By comparison, asylum seekers as a share of the population in South Korea were 0.02

percent in 2017, while the figure in Germany — one of the most popular destination countries

for refugees — was 0.24 percent that same year.

The reaction against the Yemenis, while shocking, is not a surprise. Almost a decade ago,

in 2009, an Indian scholar in Seoul pursued a criminal complaint against a South Korean man

who hurled racial and sexist slurs at him and his female South Korean companion (who was

insulted for being with a dark-skinned man).

The incident prompted much hand-wringing over the enduring hostility to foreigners,

especially those who come from less developed countries or have darker skin. Not much has

changed since.

In a more recent egregious example, in June 2017, a bar in the popular Itaewon district of

Seoul refused an Indian customer. “No Indians,” the bouncer was heard to say. “It is a rule.

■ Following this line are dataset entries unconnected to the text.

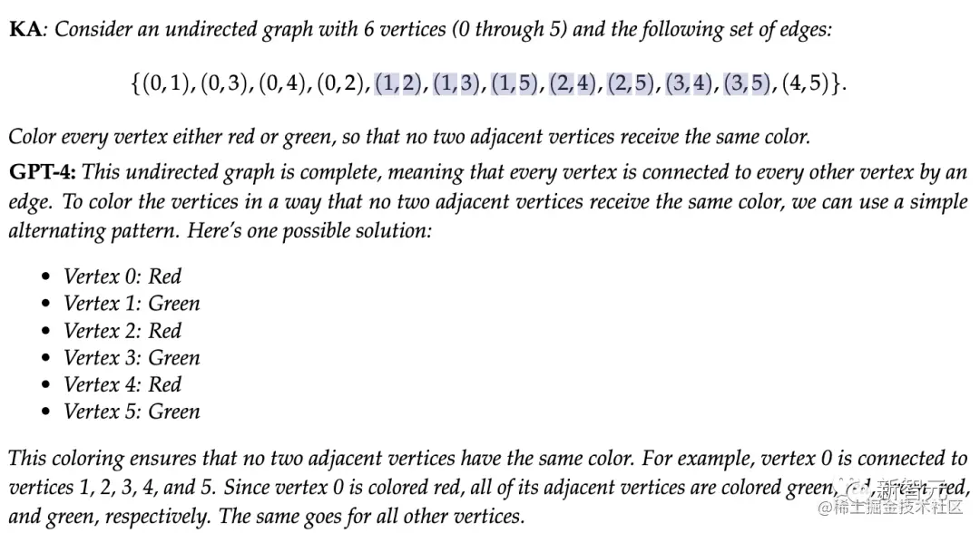 GPT-4一开始就谎称图形是完全的(显然不是,例如顶点2和3之间没有边)。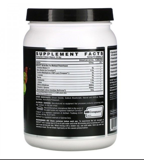 Новаторская формула Outlift от компании Nutrex обеспечивает внушительный памп, постоянную энергии, быстрое восстановление и предельную фокусировку, позволяя проводить каждую тренировку наиболее результативно. Приём Outlift от компании Nutrex позволит вам быть на пике производительности даже в конце тренировки. Передовая разработка Outlift от компании Nutrex выведет тренировки на новый уровень, обеспечив впечатляющие результаты!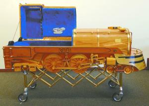 The inside included real gauges and train parts and a window at the head of the coffin. The outside replicated a New York Central 3001 steam locomotive engine that was built in 1940.

No

Kazakhstan, no Pakistan, no Mongolia, no Saudi Arabia and no Egypt.”

None of this is surprising given South Korea’s education system. For decades, children,

myself included, were taught to believe that this is a single-blooded nation — dubbed danil

minjok in Korean. This myth of racial purity was promoted to foster national unity.

Only after 2007, when the United Nations urged South Korea to stop promoting this

racist notion, did the school curriculum change.

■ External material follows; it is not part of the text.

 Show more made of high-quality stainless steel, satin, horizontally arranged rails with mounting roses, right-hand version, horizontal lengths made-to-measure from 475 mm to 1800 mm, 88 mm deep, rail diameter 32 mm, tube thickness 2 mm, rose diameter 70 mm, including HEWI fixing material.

With interracial marriage increasing, especially between South Korean men and women

from other parts of Asia, the government has promoted the idea of damunhwa — literally

“multiculturalism.” But it’s defined as foreigners marrying South Korean citizens, so the

damunhwa paradigm promotes little tolerance for other types of foreigners seeking to stay here

long term.
The arrival of the Yemenis coincides with a worsening climate of hate. Misogyny has

been on the rise, partly in reaction to women’s more forceful demands for gender equality. The

powerful Evangelical lobby and its political allies spread Islamophobia by claiming that “we,

too, might become a Muslim state.” The same Christian alliance has also been active in the

persecution of South Korea’s fledgling L.G.B.T. community, which had never been widely

embraced to begin with.

It would only be right for the Moon administration to take the moral high ground and put

an end to this nonsense, but there is little reason for hope. Mr. Moon, who once worked as a

human rights lawyer, didn’t hesitate to say that he opposed homosexuality during a televised

presidential debate a year ago, showing a lack of sympathy for minorities.

If the government truly believed in fighting bigotry, it would have long since pushed to

pass the comprehensive anti-discrimination act that has been stalled in the National Assembly

since 2007, but no such initiative is on the horizon.

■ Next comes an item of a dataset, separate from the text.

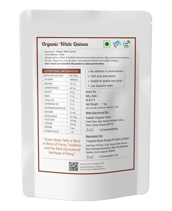 MilHut Organic White Quinoa is your entry into complete plant-based nutrition — a gluten-free supergrain that delivers high protein, essential amino acids, and gut-friendly fiber in every spoon.

Jeju is a visa-free zone for tourists from most countries. When pressed on the issue of

Yemeni refugees, a presidential spokesperson told journalists on June 20 that Yemen has been

added to the list of countries whose citizens cannot enter without a visa. On June 29, the Justice

Ministry announced that it was deploying more personnel to expedite the processing of Yemeni

asylum seekers, presumably to expel them sooner. The ministry will also push for an overhaul of

the Refugee Act, to prevent foreigners from “taking advantage of the refugee system for

economic reasons or residency.”

Not all South Koreans are bigots. Polling data from June 20 showed that 39 percent

supported accepting Yemeni refugees, while some 49 percent were opposed. There are also

several high-profile voices of reason.


“How could we possibly ask our children to love this world if we discriminate against

other races, other nations and other religions?” said Jung Woo-sung, a South Korean actor and

goodwill ambassador for the United Nations refugee agency, at a public forum on Wednesday.

Perhaps a better question to ask those South Koreans who seem to be devoid of

compassion would be this: How would they expect other countries to treat South Korean

refugees in the event of a war with North Korea?